Conductor Allows All Voices to Rise at All Souls

The musical director of All Souls Church on the Upper East Side hails from a small town in Mexico where he started singing in a children’s choir at 8. When he was 17, he was given a scholarship to Shenandoah Conservatory in Virginia–before he even knew how to speak English.

| 30 Oct 2023 | 01:30

Conductor and pianist Alejandro Hernandez-Valdez, the music director of All Souls Church on the Upper East Side and artistic director of the chamber choir Musica Viva NY, takes us on the musical journey that led him to New York

As a teenager in Guadalajara, Mexico, Alejandro Hernandez-Valdez would purchase sheet music just to practice conducting. “I would often buy a score of music accompanied by a CD and I would just listen to the music and try to gesture to it,” he recalled.

His father was the principal bass player of the Guadalajara Symphony, so Hernandez-Valdez was exposed to music since birth.

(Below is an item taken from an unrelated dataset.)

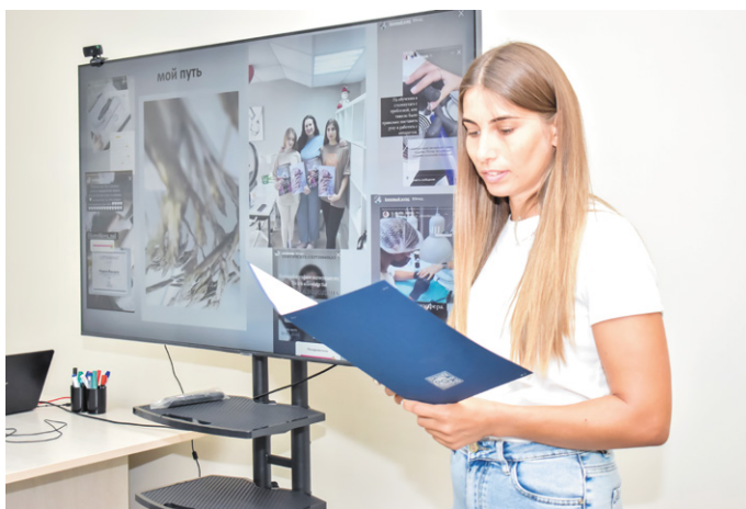
► Защита бизнес-планов безработных граждан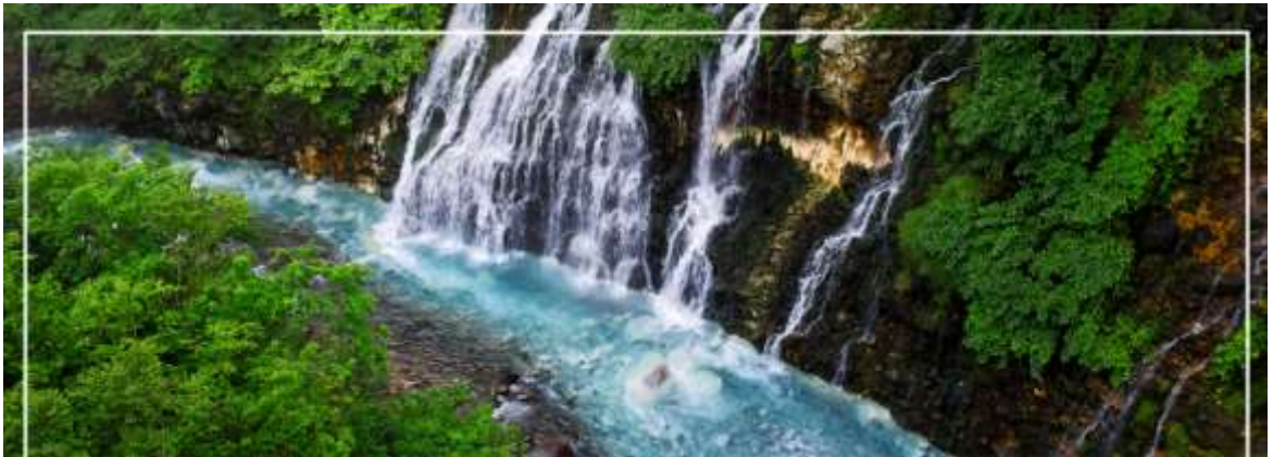
SHIRAHIGE WATERFALL น้ำตกชิราฮิเกะ

เช้า รับประทานอาหารเช้า ณ ห้องอาหารของโรงแรม (9) นำท่านเดินทางสู่ เมืองบิเอะ (Biei) (ใช้เวลาเดินทางประมาณ 1.10 ชั่วโมง) เมืองเล็ก ๆ ล้อมรอบด้วย

He joined a children’s choir at 8, and by 12, was taking piano lessons. When he was 17, he was discovered during a piano recital and given a full scholarship to study at Shenandoah Conservatory in Virginia. At that time, he didn’t even speak English, but pursued his education in the States, going on to eventually earn his doctorate in piano performance. After realizing that playing for hours alone each day could be lonely, he went on to do his postdoc in orchestra conducting, and the rest goes down in the musical history of Manhattan.

In 2015, he relocated to New York after being selected as the new music director of All Souls Church, a Unitarian parish on Lexington and 80th Street. He also became the artistic director of Musica Viva NY, the chamber choir based at the church whose alumni include Renée Fleming. The historic Upper East Side church, which was built in 1932, was renovated a few years ago, and Hernandez-Valdez said it acoustics are ideal for performances. “It allows for the voice to really shine,” he said. “So choral concerts there are just very, very beautiful.”

When did you know you would pursue music professionally?

I thought about music as a profession, probably as a teenager. My dad was the principal bass player of the Guadalajara Symphony and a lot of his brothers and cousins are musicians. So music was all around me when I was growing up. I used to sing in a children’s choir when I was a kid, at the age of 8. And then when my voice broke, at around 12, my dad decided that I should take piano lessons. But, you know, I never thought of it as a career, of course. And to be honest with you, I would play soccer more than piano when I was that age.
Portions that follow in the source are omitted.